A number of investigations have also been carried out by Parsa et al. [26,27,28]. In [26], several alternatives, including a double-slope silver-based nanofluid solar still heated by a thermoelectric device, were studied. The findings demonstrated a daily efficiency 50.8% greater than that of the conventional system, in which neither of the two enhancements was employed. In [27], experiments were carried out to investigate the performance of a solar still filled with nanofluids at a place in Tehran, Iran, with a high elevation above sea level. Like [26], a silver-based nanomaterial was utilized. Using nanofluids in this case led to a maximum energy improvement of 55.98%. In [28], the performances of three nanomaterials, gold, silver, and titanium, were analyzed in a pyramid solar still. The economic assessment showed costs per liter (CPL) of USD 0.0289 and USD 0.0065 per liter per square meter for solar stills with the oxides of gold and silver as nanomaterials, respectively.
A new design for a single-slope solar still was proposed and experimentally tested by Sohani et al. [1]. In it, side mirrors and solar tracking strategies were adopted, resulting in a huge rise in system performance: a 22.3% growth in daily efficiency. The performance of the design proposed in [1] was also simulated using machine learning approaches in [29]. In addition, that design was optimized using energy and environmental, economic, and exergy (4E) criteria in [30], in which only dimensions and not operating parameters are the decision variables. Moreover, the priority for using that design was chosen by Jafari et al. [31] among different cities in Iran, each of which was representative of one of the diverse climatic conditions of the country.
Nazari et al. [32] employed thermoelectric modules in a solar still differently than in [26]; this time they were employed to prepare cool air to pass over the still’s glass. The investigated system was of the single-slope type in which Cu2O was used as the nanomaterial. A CPL of USD 0.0218 per liter per square meter was found for the system. Combining two nanomaterials, copper and aluminum, to enhance solar sill performance was suggested and assessed by El-Gazar et al. [33]. Their results indicate that using this combination led to 23.21% and 49.54% growth in freshwater production in winter and summer, respectively.
With reference to the conducted literature review, to the best of the researchers’ knowledge, there were three conditions for nanoparticles in the studies. One considered a constant concentration for them. Another changed the concentration discretely or continuously without finding the optimal concentration through the systematic approach. Even if the concentration was optimized, the study gave a constant value for the whole year as the optimum value. Therefore, the current study was undertaken. Here, DQN, as one of the cutting-edge reinforcement learning methods for optimization, is employed for the dynamic optimization of the system. Employing DQN, an hourly profile of nanoparticle concentrations during a year is obtained. The system is optimized to maximize the freshwater production and efficiency of the system.
The use of DQN optimization is the novelty of the present manuscript. In contrast with the conventional methods that have been employed for the optimization of solar stills so far, DQN is able to perform dynamic multi-objective optimization. That is, if the decision variable of optimization is nanoparticle concentration as in this study, using conventional multi-objective optimization will introduce a constant concentration for all hours of the day, whereas with DQN, an hourly profile of nanoparticle concentration is obtained, reflecting the improvement give by multi-objective optimization.
Based on the results obtained in [22], Al2O3 is used as the nanomaterial. For the solar still system with water (STSWWA) and the solar still system with nanofluid, experimental information is utilized, and the fluid temperature in the basin (Tfluid), hourly freshwater production (HFWP), and cumulative freshwater production (CFWP) are drawn and discussed in detail for a sample day. Moreover, the changes in the freshwater production and daily average efficiency during a year are also plotted and discussed. In addition, and to bring a wider perspective, the daily efficiency and CPL for the two systems are compared.

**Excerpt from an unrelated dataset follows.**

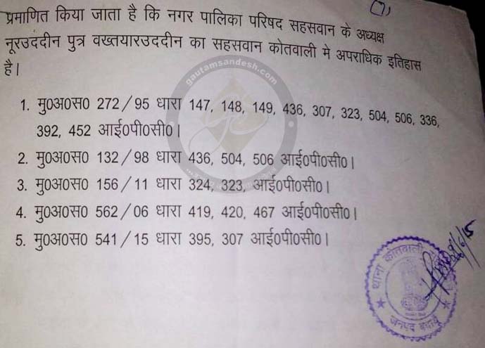 उल्लेखनीय है कि गौतम संदेश ने सहसवान में हुए शीतल प्याऊ घोटाला, सही सड़कों को उखड़वा कर उनके निर्माण के नाम पर घोटाला और सफाई का फर्जी टेंडर निकालने के घोटाले का खुलासा किया था, इस सबमें अधिशासी अधिकारी संजय तिवारी को चेयरमैन नूरुद्दीन का बराबर का सहभागी बताया जा रहा है। सहसवान नगर पालिका में भ्रष्टाचार को रोकने के उद्देश्य से अधिशासी अधिकारी अशोक गोयल को तैनात कर दिया गया है, इससे चेयरमैन नूरुद्दीन की मानसिक स्थिति गड़बड़ा गई है। चूँकि नूरुद्दीन ने गौतम संदेश पर सैकड़ों लोगों के सामने आरोप लगाया, तो गौतम संदेश ने छानबीन की। नूरुद्दीन पर कोतवाली सहसवान में ही गंभीर धाराओं के अंतर्गत मुकदमे दर्ज हो चुके हैं, जिनमें चोरी तक का मुकदमा दर्ज है।

2. The Studied Solar-Driven Desalination System

Figure 1 introduces the investigated solar still in this study, a single-slope type made of steel. The side walls are painted black to absorb the highest amount of solar radiation from the sun. In addition, a flat-plate solar collector is used in the system, which turns into an active type. The width and height of the basin are both 1 m, which makes a basin with the area of 1 m2. In addition, the flat-plate collector has an area of 3 m2. The solar still experiments with water were conducted in 2019 on days 9, 18, and 27 of each month. The experimental data for the nanofluid-assisted solar still were collected in 2020 on the same days as in 2019. The measuring instruments are introduced in Table 1. The annual changes in ambient temperature and solar radiation are depicted in Figure 2.
In addition, it should be noted that the depth of water inside the still is kept at 3 cm, which is within the range of other published experimental investigations in the field [34,35,36]. As one more point about the experiments, the condensate was analyzed to check if the concentrations of nanoparticles were within the allowable limit. The specifications for the nanofluid used and the preparation process employed in this present paper are exactly the same as those in [22], in which further information can be found. The nanoparticle concentration changes during different hours of a day as a decision variable of multi-objective optimization, varying from 0.1 to 0.3%. The best concentration for each hour is determined using DQN.

3. Materials and Methods

This part covers the materials and methods of this study in three subsections: how to calculate the studied performance indicators, the details of the uncertainty analysis, and the introduction of DQN.

3.1. Studied Performance Indicators

Separate from Tfluid and the amount of freshwater production, which were determined from the experiments, two other performance indicators were investigated in this study:
  • Efficiency.
  • Cost per liter (CPL).
The next paragraphs explain how the two indicators are calculated. It should be noted that the experimental data for STSWWA were recorded on 18 September 2019, whereas the data recording for OSTSWNF occurred on 9 September 2020. This one-year gap exists because the idea of using nanofluid to enhance performance came to the authors long after they had published the previous article [1]. As seen in Table 2, the conditions on the two days of interest are close enough to ensure a fair comparison.

3.1.1. Efficiency

The ratio of a given input to a gained outcome is called efficiency. In a solar still, the given input is the received solar radiation, and the gained outcome is the heat absorbed to lead to water evaporation. Therefore [37]:
e f f = m F W h e v a p A r e c G
In Equation (1), e f f , m , h , A , and G stand for efficiency, enthalpy, area, and solar radiation, respectively. The subscripts FW, evap, and rec represent freshwater, evaporation, and receiving radiation, respectively.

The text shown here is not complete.